Cunietti E, Locatelli E, Vaiani G, Baggio E, Gandini M C, Gandini R, Fasoli A
Minerva Med. 1984 Apr 28;75(18):1041-6.
Perchloric acid soluble proteins (PPS) and their content of N-acetylneuraminic acid (NANA) may serve as valuable tumor markers for a variety of malignant neoplasms. To evaluate their clinical significance, PPS, NANA and carcino-embryonic antigen (CEA) were measured in 32 patients with lung cancer. High PPS (greater than or equal to 0,73 mg/ml) and NANA (greater than or equal to 96 micrograms/ml) levels occurred in 8 of 50 (16%) healthy volunteers and respectively in 22% and 54% of patients. CEA levels were high (greater than or equal to 3 ng/ml) in 1 out of 21 (5%) healthy volunteers and in 83% of the patients; 84% of the patients showed an elevation of NANA and of CEA. The highest values of the three markers seem to be associated with extensive disease but no statistically significant difference has emerged from the comparison of patients with limited disease with the ones with extensive involvement. Changes of the tumor mass correlate with changes of serum levels of PPS, NANA and CEA. It is concluded that CEA determination is clinically valuable in lung cancer, while PPS and NANA do not provide greater information.

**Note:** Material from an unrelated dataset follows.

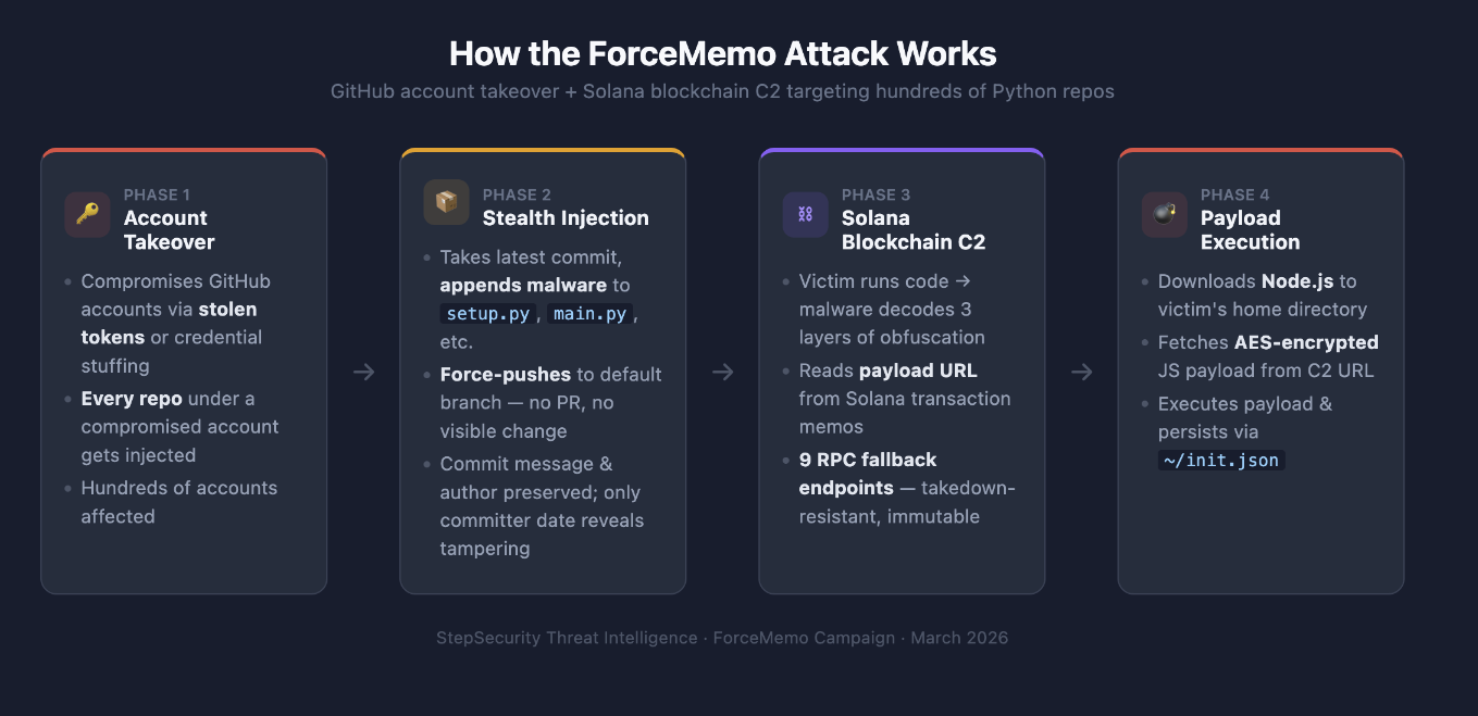ForcedMemo campaign hits GitHub: A threat actor has breached hundreds of GitHub accounts to inject malicious code in Python projects. The malicious code appears to be a crypto-wallet stealer. The hacks have been taking place since March 8. Step Security says the attackers are using Github credentials previously stolen by the GlassWorm self-replicating worm that hit the VSCode ecosystem last year. The campaign's infrastructure also uses old GlassWorm infrastructure.

高氯酸可溶性蛋白(PPS)及其N - 乙酰神经氨酸(NANA)含量可能是多种恶性肿瘤有价值的肿瘤标志物。为评估其临床意义,对32例肺癌患者测定了PPS、NANA和癌胚抗原(CEA)。50名健康志愿者中有8名(16%)PPS水平高(大于或等于0.73mg/ml),NANA水平高(大于或等于96μg/ml)的分别占22%和54%。21名健康志愿者中有1名(5%)CEA水平高(大于或等于3ng/ml),患者中则为83%;84%的患者NANA和CEA升高。三种标志物的最高值似乎与广泛病变有关,但局限期患者与广泛受累患者比较未发现统计学显著差异。肿瘤肿块的变化与血清PPS、NANA和CEA水平的变化相关。结论是,CEA测定在肺癌临床中有价值,而PPS和NANA未提供更多信息。